Initially, when I asked if I could go on this trip, she said something to the effect of, “Yes, if you’re able to pull it all together.” The World Wide Web had not yet been made available to the public and she knew that 4 teenagers, stood no chance of planning such a trip. Not only were there flights to consider, but youth hostels to be booked and transportation to be orchestrated in between. Given my massive aversion to phones, I imagine she was feeling pretty confident that we’d remain stateside.
Much to her dismay, the arrangements were made, in record time - entirely due to Celeste’s and Heather’s amazing mom, whose organizational skills far exceeded my own.
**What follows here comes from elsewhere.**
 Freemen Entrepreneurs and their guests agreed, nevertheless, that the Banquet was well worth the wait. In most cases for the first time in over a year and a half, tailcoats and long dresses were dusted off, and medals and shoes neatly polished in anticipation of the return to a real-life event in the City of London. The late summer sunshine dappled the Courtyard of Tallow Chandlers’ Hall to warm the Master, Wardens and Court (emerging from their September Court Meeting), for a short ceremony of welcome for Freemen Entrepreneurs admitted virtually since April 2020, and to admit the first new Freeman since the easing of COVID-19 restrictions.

My dad reasoned that after giving one answer it would be unfair to do a swift about-face.
In what was to become known as ‘The greatest miracle of the 80’s,’ my mom consented and 4 kids crossed the pond a few months later.
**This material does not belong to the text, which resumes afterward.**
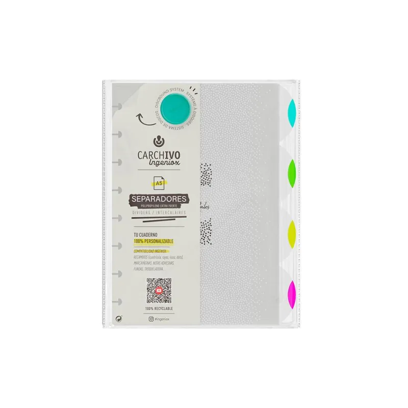 Organiza tu día a día con estilo con este genial set de 4 separadores A5 para tu archivador Ingeniox, ¡el complemento indispensable!

It was a life altering trip, as one might expect. It shaped how I would later see the world and others in it. Somehow the world becomes smaller when you travel, just the opposite of what I had anticipated. It was no longer ‘them’ – people from other countries and ‘us’ – people from America, but ‘we’ – all of us. Their struggles and concerns became mine and my heart overflowed with love for everyone, not just those with similar backgrounds to my own.
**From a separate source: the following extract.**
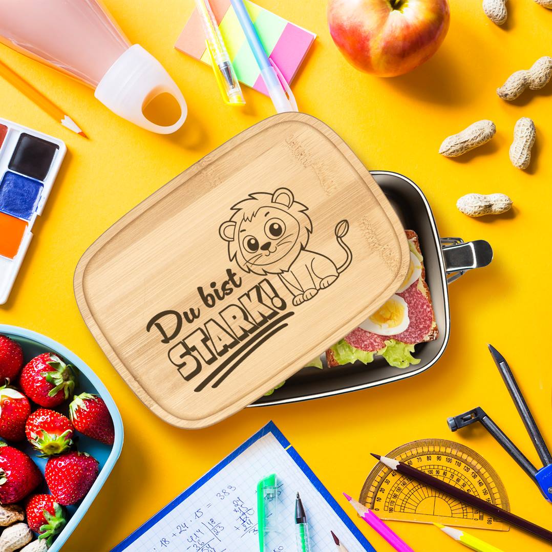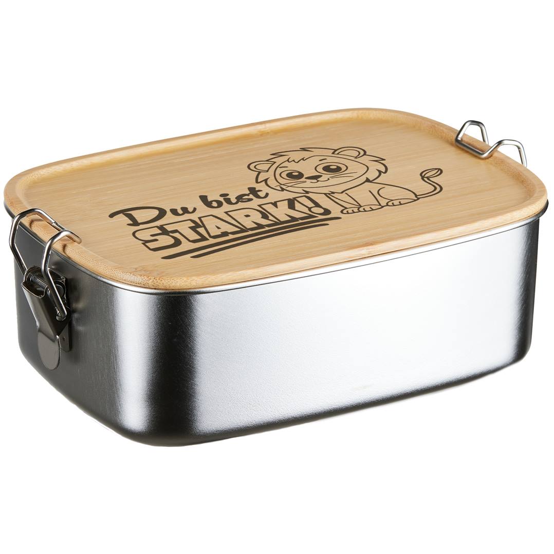 Brotdose - Du bist stark (Löwe) - Edelstahl mit Bambusdeckel

During the trip, I kept a journal of sorts. There were unforgettable moments hourly and I wanted a way to ensure I would never forget this amazing adventure. In packing for our move to England last year, I came across the journal and opened it with great anticipation.
There are times in life where you look back at something you did or said and are utterly amazed. You stand in awe of your brilliance, in total disbelief that such wisdom came from you.
Unfortunately, that was not the case. It was positively horrifying. As I read, there was no escaping my immaturity or my inability to write sentences that even held my own interest. What it did possess was a surprising amount of details that I had completed forgotten…or had remembered entirely incorrectly.
It’s one thing to write in a journal that remains hidden away in a box, but entirely another to put your thoughts and experiences on the internet for all to see. The idea of putting so much out there seems a bit like going to the pool for the first time after having a baby. All your bits and pieces are out there on display for everyone to see but they aren’t exactly where you would want them. You’re a work in progress and you’re beyond grateful for where you are…even if you still have further to go. At the end of the day, no matter what you look like, you’re still glad you went (or in this case…wrote) - for the memories, and to celebrate the journey.
We’ve been here a short time, but already so many details are being forgotten. Before others slip away, I’ve decided to give these fingers a bit of exercise.